In November 2000, leaders from all ethnic groups were brought together in Massoud's headquarters in northern Afghanistan, travelling from other parts of Afghanistan, Pakistan, Europe, the United States to discuss a loya jirga for a settlement of Afghanistan's problems and to discuss the establishment of a post-Taliban government. In September 2001, an international official who met with representatives of the alliance remarked, "It's crazy that you have this today ... Pashtuns, Tajiks, Uzbeks, Hazara ... They were all ready to buy in to the process".

In early 2001, Ahmad Shah Massoud with leaders from all ethnicities of Afghanistan addressed the European Parliament in Brussels, asking the international community to provide humanitarian aid to the people of Afghanistan. He stated that the Taliban and al-Qaeda had introduced "a very wrong perception of Islam" and that without the support of Pakistan and bin Laden the Taliban would not be able to sustain their military campaign for up to a year. On that visit to Europe, he also warned the U.S. about bin Laden.

====The areas of Massoud====
Life in the areas under direct control of Massoud was different from the life in the areas under Taliban or Dostum's control. In contrast to the time of chaos in which all structures had collapsed in Kabul, Massoud was able to control most of the troops under his direct command well during the period starting in late 1996. Massoud always controlled the Panjshir, Takhar, parts of Parwan and Badakhshan during the war. Some other provinces (notably Kunduz, Baghlan, Nuristan and the north of Kabul) were captured by his forces from the Taliban and lost again from time to time as the frontlines varied.

Massoud created democratic institutions which were structured into several committees: political, health, education and economic. Still, many people came to him personally when they had a dispute or problem and asked him to solve their problems.

In September 2000, Massoud signed the Declaration of the Essential Rights of Afghan Women drafted by Afghan women. The declaration established gender equality in front of the law and the right of women to political participation, education, work, freedom of movement and speech. In the areas of Massoud, women and girls did not have to wear the Afghan burqa by law. They were allowed to work and to go to school. Although it was a time of war, girls' schools were operating in some districts. In at least two known instances, Massoud personally intervened against cases of forced marriage in favour of the women to make their own choice.

While it was Massoud's stated personal conviction that men and women are equal and should enjoy the same rights, he also had to deal with Afghan traditions which he said would need a generation or more to overcome. In his opinion, that could only be achieved through education. Author Pepe Escobar wrote in Asia Times:

Massoud is adamant that in Afghanistan women have suffered oppression for generations. He says that "the cultural environment of the country suffocates women. But the Taliban exacerbate this with oppression." His most ambitious project is to shatter this cultural prejudice and so give more space, freedom and equality to women – they would have the same rights as men.
— Pepe Escobar, in 'Massoud: From Warrior to Statesman'

Humayun Tandar, who took part as an Afghan diplomat in the 2001 International Conference on Afghanistan in Bonn, said that "strictures of language, ethnicity, region were [also] stifling for Massoud. That is why ... he wanted to create a unity which could surpass the situation in which we found ourselves and still find ourselves to this day." This applied also to strictures of religion. Jean-José Puig describes how Massoud often led prayers before a meal or at times asked his fellow Muslims to lead the prayer but also did not hesitate to ask the Jewish Princeton Professor Michael Barry or his Christian friend Jean-José Puig: "Jean-José, we believe in the same God. Please, tell us the prayer before lunch or dinner in your own language."
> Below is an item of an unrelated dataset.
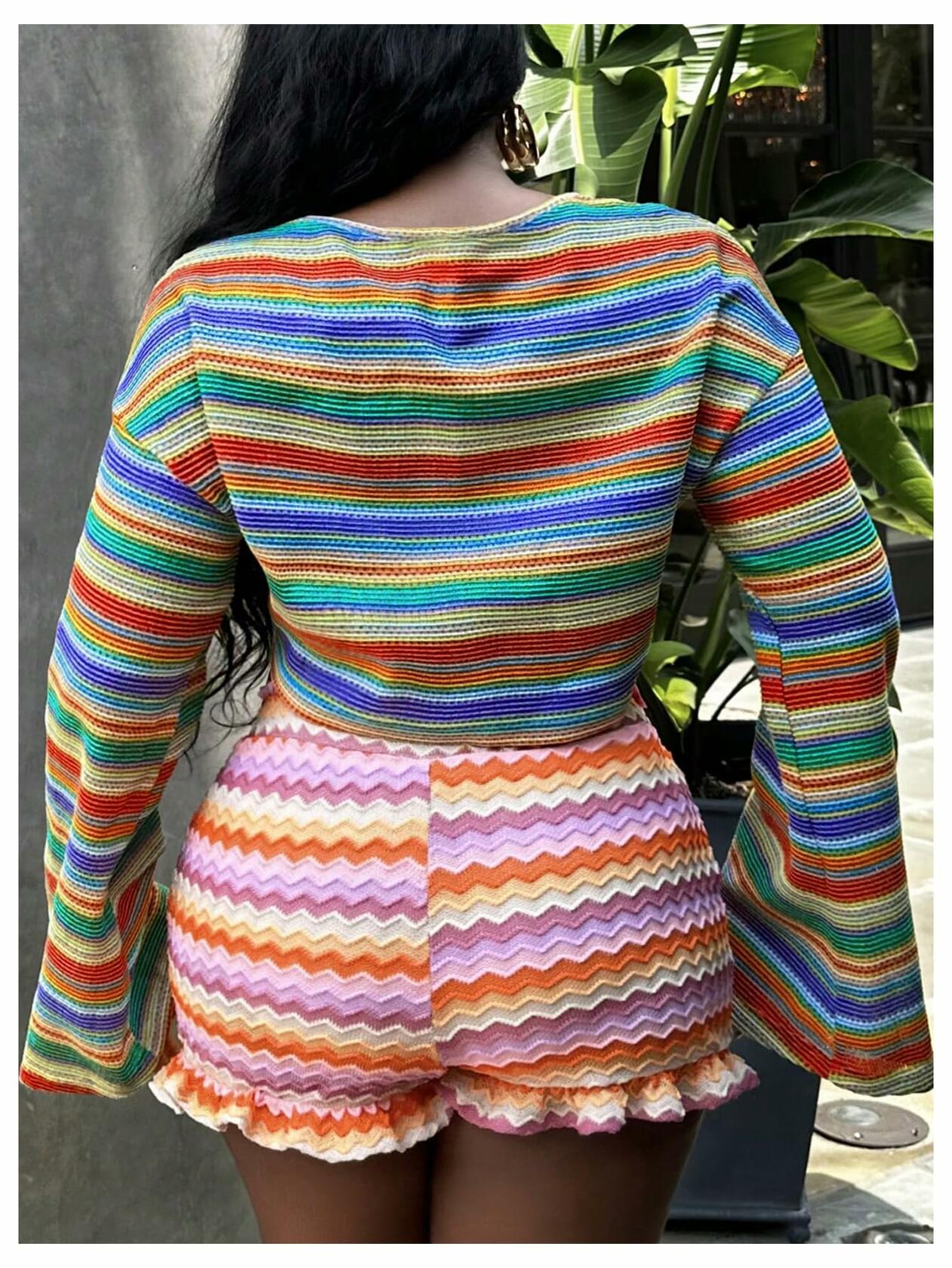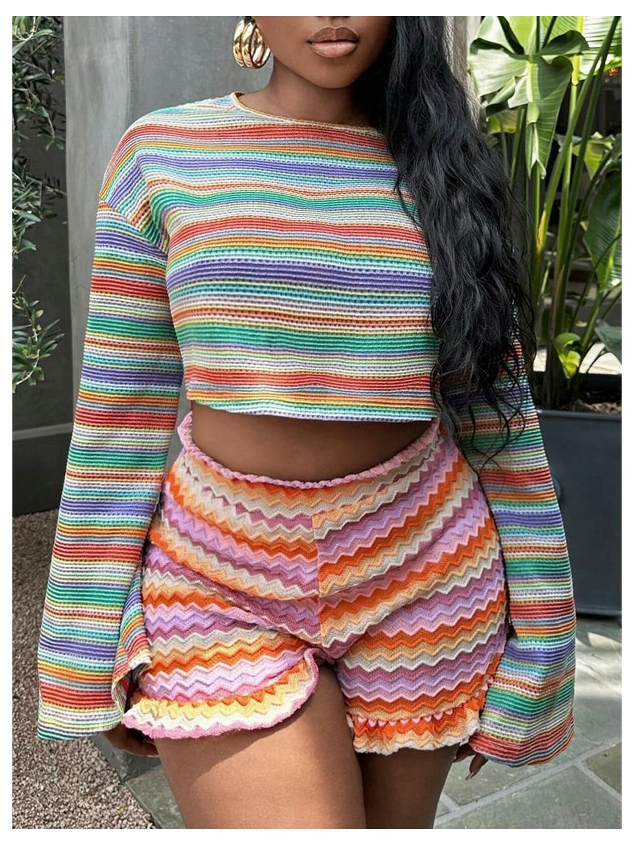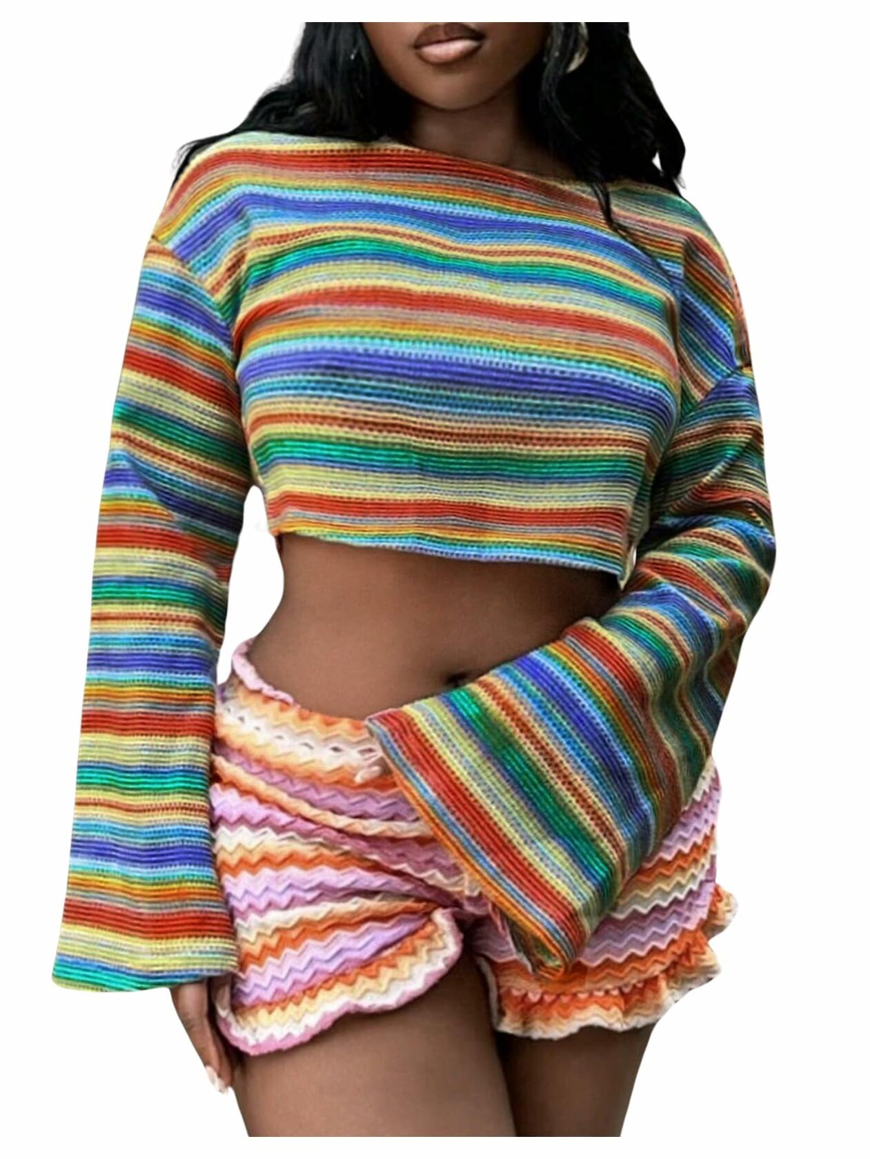 RoseSeek Women's Striped Crop Top Long Sleeve Knit Tee Multicolor Size S

====International relations====

U.S. policy regarding Massoud, the Taliban and Afghanistan remained ambiguous and differed between the various U.S. government agencies.

In 1997, U.S. State Department's Robin Raphel suggested to Massoud he should surrender to the Taliban. He soundly rejected the proposal.

At one point in the war, in 1997, two top foreign policy officials in the Clinton administration flew to northern Afghanistan in an attempt to convince Massoud not to take advantage of a strategic opportunity to make crucial gains against the Taliban.

In 1998, a U.S. Defense Intelligence Agency analyst, Julie Sirrs, visited Massoud's territories privately, having previously been denied official permission to do so by her agency. She reported that Massoud had conveyed warnings about strengthened ties between the Taliban and foreign Islamist terrorists. Returning home, she was sacked from her agency for insubordination, because at that time the U.S. administration had no trust in Massoud.

In the meantime, the only collaboration between Massoud and another U.S. intelligence service, the Central Intelligence Agency (CIA), consisted of an effort to trace Osama bin Laden following the 1998 embassy bombings. The U.S. and the European Union provided no support to Massoud for the fight against the Taliban.

A change of policy, lobbied for by CIA officers on the ground who had visited the area of Massoud, regarding support to Massoud, was underway in the course of 2001. According to Steve Coll's book Ghost Wars: (Note: Ghost Wars won the 2005 Pulitzer Prize for General Nonfiction)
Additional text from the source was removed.